# Does standardising independent variables reduce collinearity?

I’ve come across a very good text on Bayes/MCMC. IT suggests that a standardisation of your independent variables will make an MCMC (Metropolis) algorithm more efficient, but also that it may reduce (multi)collinearity. Can that be true? Is this something I should be doing as standard.(Sorry).

Kruschke 2011, Doing Bayesian Data Analysis. (AP)

edit: for example

``````     > data(longley)
> cor.test(longley\$Unemployed, longley\$Armed.Forces)

Pearson's product-moment correlation

data:  longley\$Unemployed and longley\$Armed.Forces
t = -0.6745, df = 14, p-value = 0.5109
alternative hypothesis: true correlation is not equal to 0
95 percent confidence interval:
-0.6187113  0.3489766
sample estimates:
cor
-0.1774206

> standardise <- function(x) {(x-mean(x))/sd(x)}
> cor.test(standardise(longley\$Unemployed), standardise(longley\$Armed.Forces))

Pearson's product-moment correlation

data:  standardise(longley\$Unemployed) and standardise(longley\$Armed.Forces)
t = -0.6745, df = 14, p-value = 0.5109
alternative hypothesis: true correlation is not equal to 0
95 percent confidence interval:
-0.6187113  0.3489766
sample estimates:
cor
-0.1774206
``````

This hasn’t reduced the correlation or therefore the albeit limited linear dependence of vectors.

What’s going on?

R

It doesn’t change the collinearity between the main effects at all. Scaling doesn’t either. Any linear transform won’t do that. What it changes is the correlation between main effects and their interactions. Even if A and B are independent with a correlation of 0, the correlation between A, and A:B will be dependent upon scale factors.

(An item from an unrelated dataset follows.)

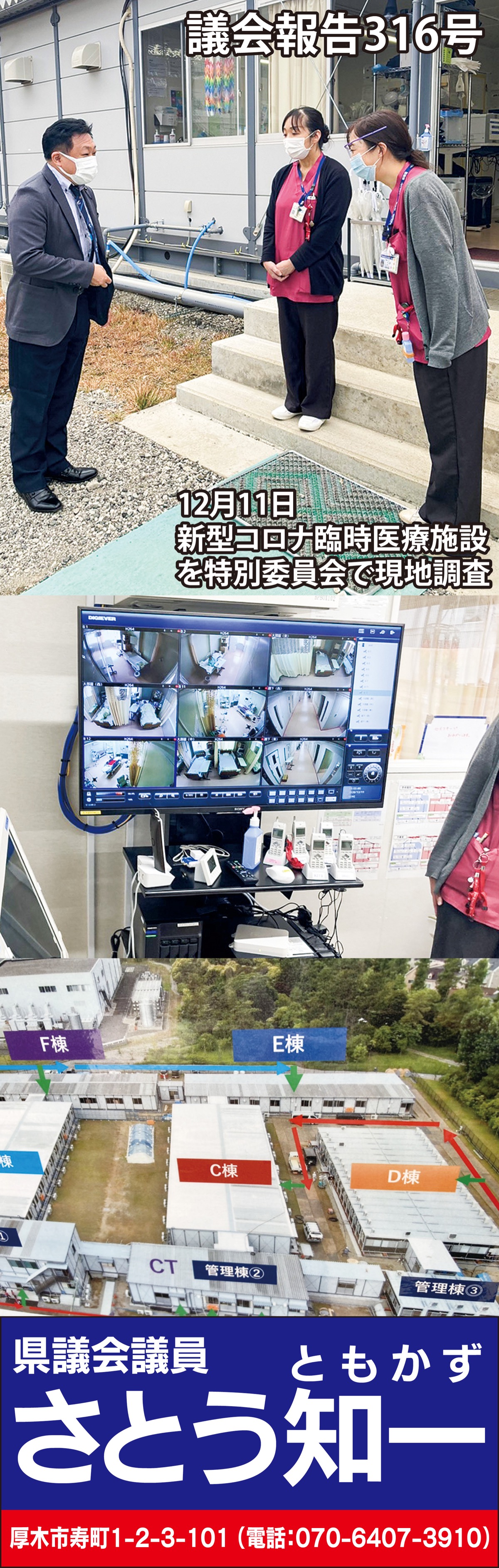 12月11日、新型コロナウイルス感染症対策特別委員会に委員として出席し、審議に臨みました。午後は中等症患者を対象とした県の臨時医療施設視察(現地調査)に参りました。新型コロナ対策の最前線で、治療・看護にあたる医師や看護師といった医療従事者の皆様から直接、生の声を伺い対応を約束しました。

Try the following in an R console. Note that `rnorm` just generates random samples from a normal distribution with population values you set, in this case 50 samples. The `scale` function standardizes the sample to a mean of 0 and SD of 1.

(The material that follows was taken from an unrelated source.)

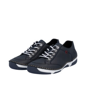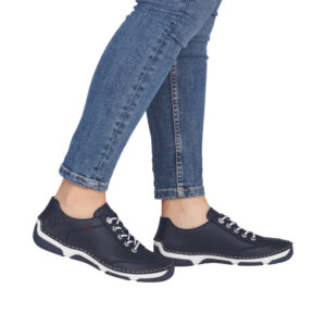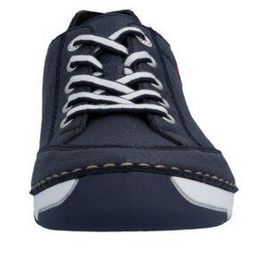 Rieker sneakers til dame i mørkeblå. Fleksibel sneakers i en mørkeblå farve med diskrete detaljer og en tekstureret skindoverdel som giver et stilfuldt look. Foran har skoen snørebånd der gør det muligt at justere pasformen efter behov. Indvendigt mødes du af en blød skindsål der sikrer optimal komfort hele dagen. Den velkendte Rieker sål er stødabsorberende og udstyret med et mønster som giver god støtte og øget skridsikkerhed.

``````set.seed(1) # the samples will be controlled by setting the seed - you can try others
a <- rnorm(50, mean = 0, sd = 1)
b <- rnorm(50, mean = 0, sd = 1)
mean(a); mean(b)
#  0.1004483 # not the population mean, just a sample
#  0.1173265
cor(a ,b)
#  -0.03908718
``````

The incidental correlation is near 0 for these independent samples. Now normalize to mean of 0 and SD of 1.

``````a <- scale( a )
b <- scale( b )
cor(a, b)
# [1,] -0.03908718
``````

Again, this is the exact same value even though the mean is 0 and SD = 1 for both `a` and `b`.

``````cor(a, a*b)
# [1,] -0.01038144
``````

This is also very near 0. (a*b can be considered the interaction term)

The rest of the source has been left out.